The 58-year-old Earl claims there is no need to sell the paintings, among them works by Sir Joshua Reynolds and Sir Peter Lely, to recoup the cost of his divorce settlement with his wife, said to have put the estate £1 million in the red.
“There’s no need for them to sell them,” declares the Earl, whose indirect relative led the famous Charge of the Light Brigade. “The divorce has cost money but it’s merely a cash-flow problem.”
“The estate has dozens of valuable assets that we can borrow against.”
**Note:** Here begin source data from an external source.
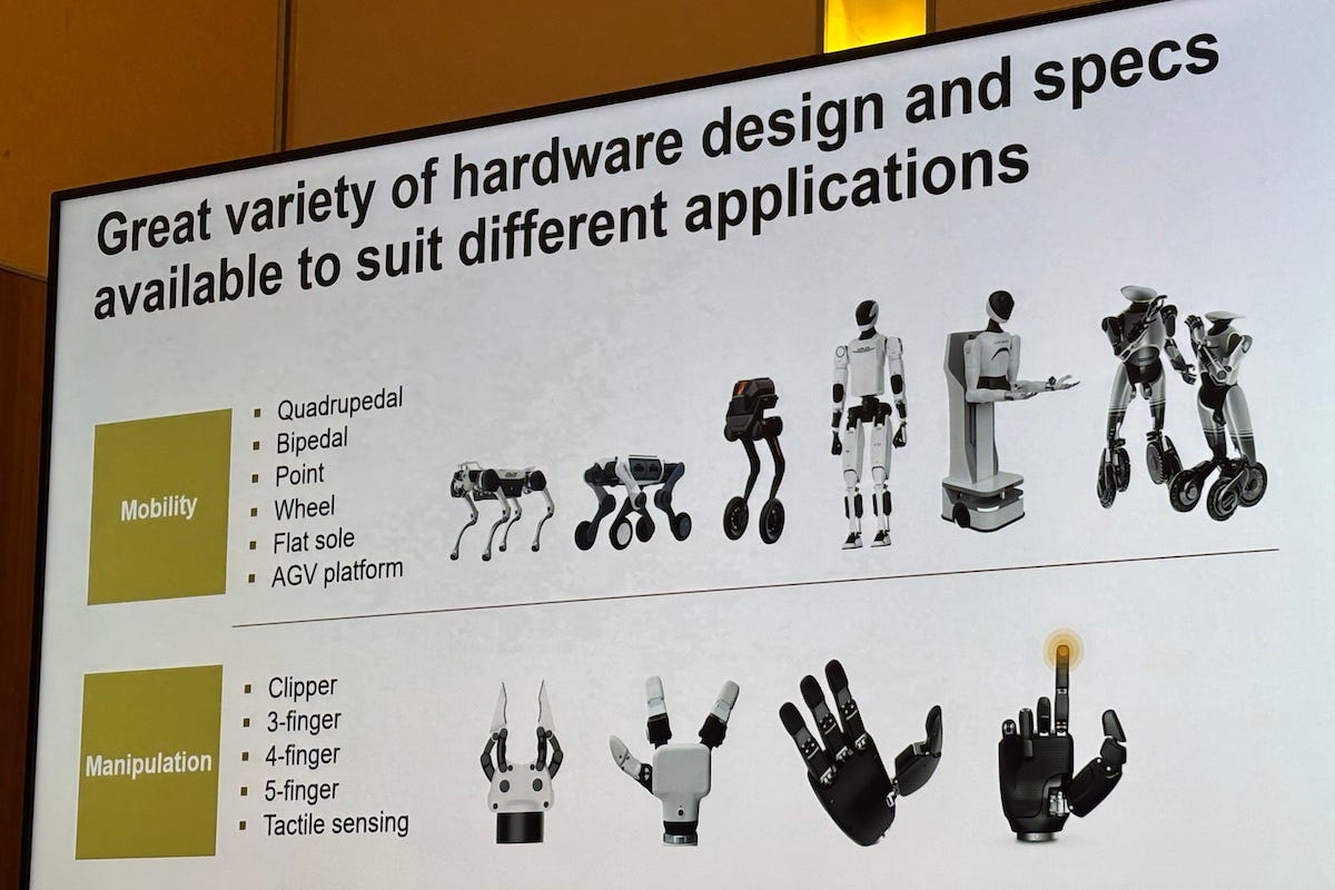 According to Liu, many of these companies are now integrating hardware, software, and AI-driven “robotic brains,” producing a sweeping variety of form factors from bipedal and wheeled humanoids to adaptable quadruped hybrids.
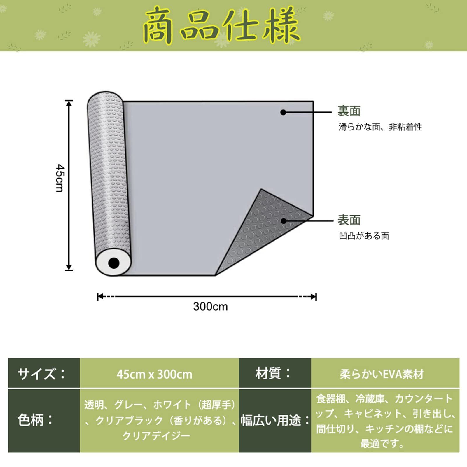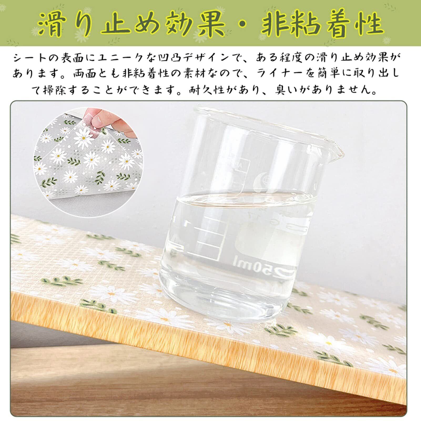 【滑り止め効果・敷くだけのシート】シートの表面にユニークな凹凸デザインで、ある程度の滑り止め効果があります。食器シートは敷いておくだけで使えるので、清潔や再利用など便利です。防水、防油、防塵や汚れ防止効果的で、家具を清潔に保ち、家具を効果的に保護します。
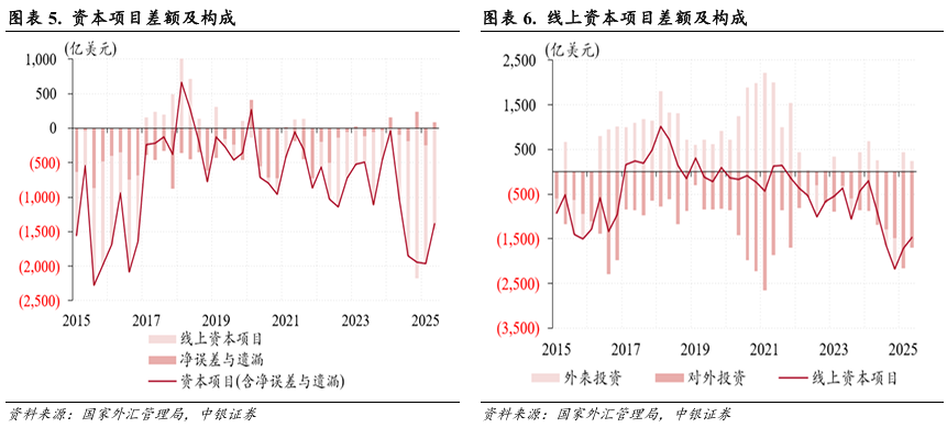 资本项目逆差扩大,内资流出加快、外资流入放缓

In an interview in The Lady magazine, he says too that when he signed a 20-year-old lease with the trustees for his current home, Savernake Lodge, they granted him the right to enjoy “all the fittings, fixtures and furnishings” therein.
“It’s ludicrous to say the paintings aren’t fittings, fixtures and furnishings,” the Earl protests. “And I should know. I fixed them on the walls myself.”
“If they’re allowed to get away with this, it’s logical that the trustees could strip me of everything – and leave me sitting here in an empty house.”
And pointing out the hooks of the 25 works of art that have been removed, he adds: “I felt like Mike Tyson had just clouted me. It’s like a burglary.”
“One of the works was a portrait of a young Lady Elizabeth Seymour by Sir Peter Lely. It was on the stairs, and I walked past it every morning and every night. It was a joy.”
“Successive generations of my family have handed it down for hundreds of years, and now it has been taken on my watch. That’s devastating.”
The Earl and his second wife, Joanne Hill, he points out, had to live in Savernake Lodge for 14 weeks without hot water and having to boil a kettle to do so, a situation that has now been remedied.
“There wasn’t even hot water in the guest bedrooms,” he says. “I blame the trustees who manage my estate. A simple pump has needed replacing since Maundy Thursday (in April), and they’ve only just done something about it.”
“Now I’ve got a leaking roof. It’s intolerable.”
Some of the now missing paintings were sold in April and will never be returned. A second Sotheby’s sale has however been halted after the Earl secured a last minute injunction.
The fate of the remaining 12 paintings will depend on a High Court hearing expected to be held in the coming months.